# A integral inequality and generalization

If $$f(x)$$ is decreasing then $$\int_{a-1}^{b}f(x)dx\ge \sum_{k=a}^b f(k)\ge \int_a^{b+1}f(x)dx$$.

And reverse for increasing functions.

I try to generalize it

Generalization:

Let $$f(x)$$ be a monotone decreasing function on $$\left(0,+\infty\right)$$. Prove that: $$\int_{a}^{b+1}f(x)dx\leq \sum_{k=a}^{b}f(k)\leq \int_{a-1}^{b}f(x)dx\leq \sum_{k=a-1}^{b-1}f(k)\quad a,b\in\mathbb N$$ When does equality hold? *Note that $$0\notin \mathbb N$$

I have 3 questions as follow :

1) Could you please prove generalization

2) Is this true ? Generalization (inversion) Let $$f(x)$$ be a monotone increasing function on $$\left(0,+\infty\right)$$. Prove that: $$\int_{a}^{b+1}f(x)dx\geq \sum_{k=a}^{b}f(k)\geq \int_{a-1}^{b}f(x)dx\geq \sum_{k=a-1}^{b-1}f(k)\quad a,b\in\mathbb N$$ When does equality hold?

3) Can we have a stronger generalization ?

• There might be some typos in your question: in line 1 the upper index of the sum should be $b$ i guess.

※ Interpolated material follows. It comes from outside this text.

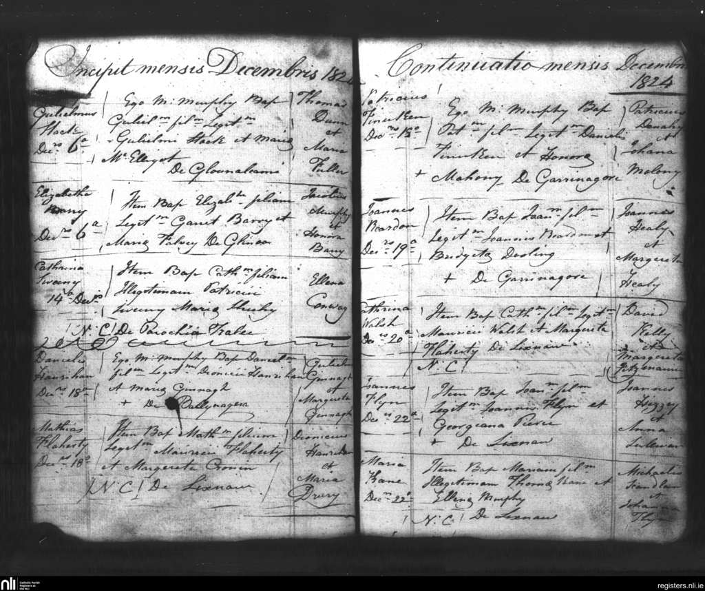 Lixnaw; County of Kerry; Diocese of Kerry. Baptisms, Dec. 1824
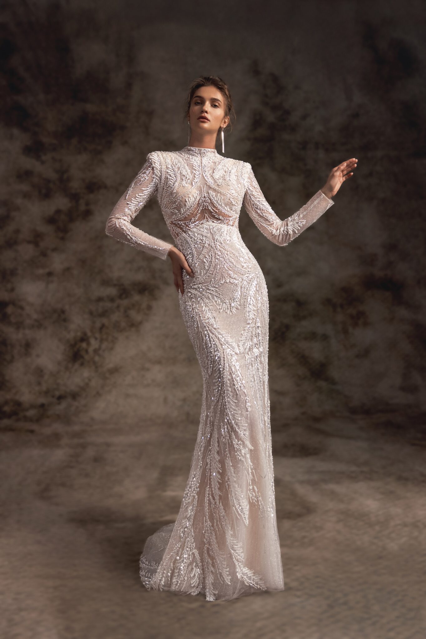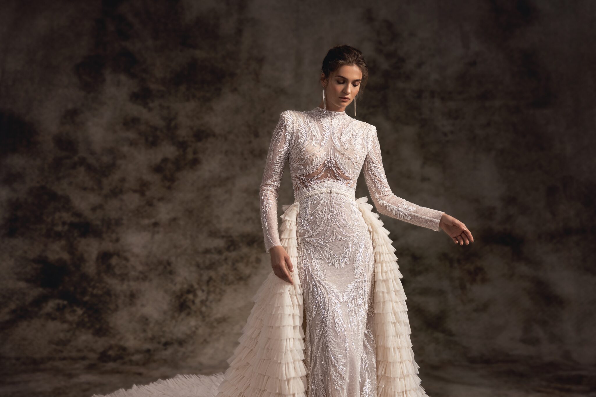Notte d'OperaA femininely structured mermaid gown adorned with delicate hand-embroidered lace and decorated with sheer nude side panels. A corset is embellished with high collar, long fitted sleeves and shoulder pads that add solemnity. A super-fitted trumpet skirt is as striking as it is sexy proceeding into a neat sweeping chapel train. For a more opulent look a dress can be accomplished with a detachable overskirt made of cascading rows of Tulle ruffles.

In the other two inequalities the bounds of the second integral cannot be correct. Please edit!
– weee
Oct 30 '18 at 7:01
• I edited my post !
– nam
Oct 30 '18 at 11:37

1) Once you have the fact $$\int_{a-1}^{b}f(x)dx\ge \sum_{k=a}^b f(k)\ge \int_a^{b+1}f(x)dx,\ \ \forall a,b\in \mathbb N,$$ there is not much to prove, for at the expression $$\int_{a}^{b+1}f(x)dx\leq \sum_{k=a}^{b}f(k)\leq \int_{a-1}^{b}f(x)dx\leq \sum_{k=a-1}^{b-1}f(k),\ \forall a,b\in\mathbb N,$$ the first two inequalities follow directly from the fact and the third one follows from the fact applied to $$a-1$$ and $$b-1$$ in the place of $$a$$ and $$b$$, respectively.

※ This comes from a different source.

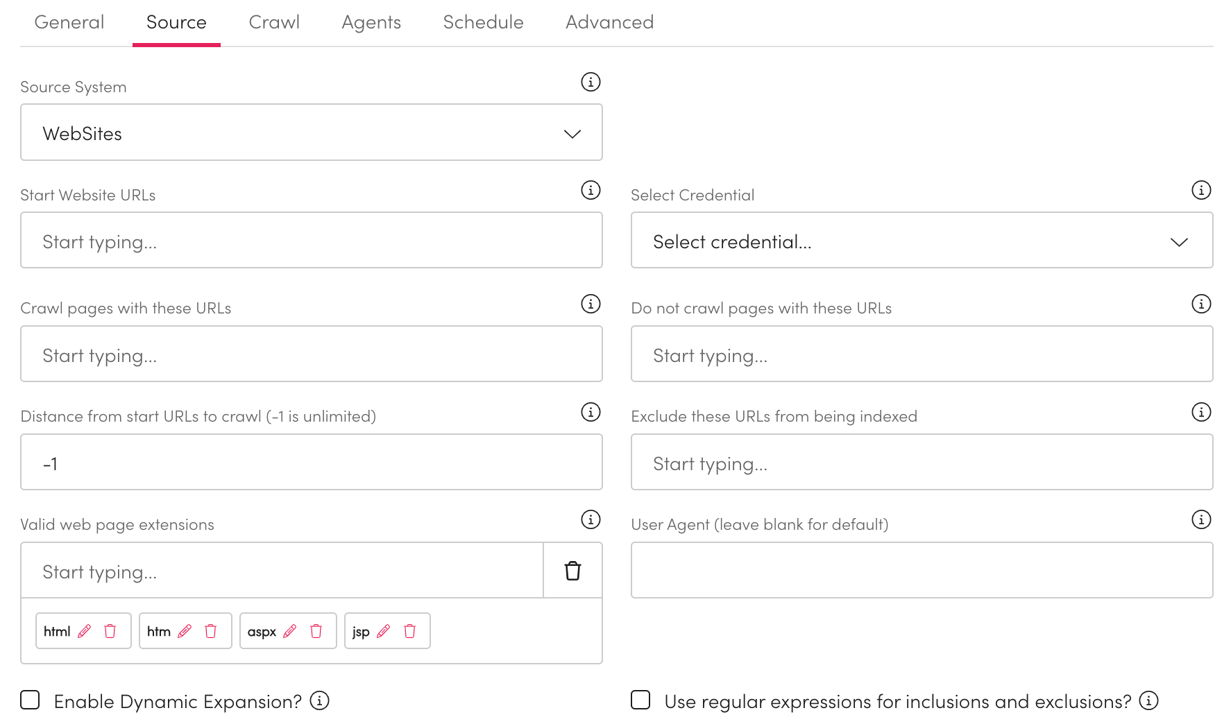 Connect your Website source to Workplace AI to make the most of your data. Once you have selected a Source System type more detail will expand to customise this. General

2) The proof for increasing functions is analog to that for decreasing functions. Using the fact for increasing functions $$\int_{a-1}^{b}f(x)dx\le \sum_{k=a}^b f(k)\le \int_a^{b+1}f(x)dx,\ \ \forall a,b\in \mathbb N,$$ at the expression $$\int_{a}^{b+1}f(x)dx\geq \sum_{k=a}^{b}f(k)\geq \int_{a-1}^{b}f(x)dx\geq \sum_{k=a-1}^{b-1}f(k),\ \forall a,b\in\mathbb N,$$ the first two inequalities follow directly from the fact and the third one follows from the fact applied to $$a-1$$ and $$b-1$$ in the place of $$a$$ and $$b$$, respectively.

3) I don't know and I can't think of any suggestions.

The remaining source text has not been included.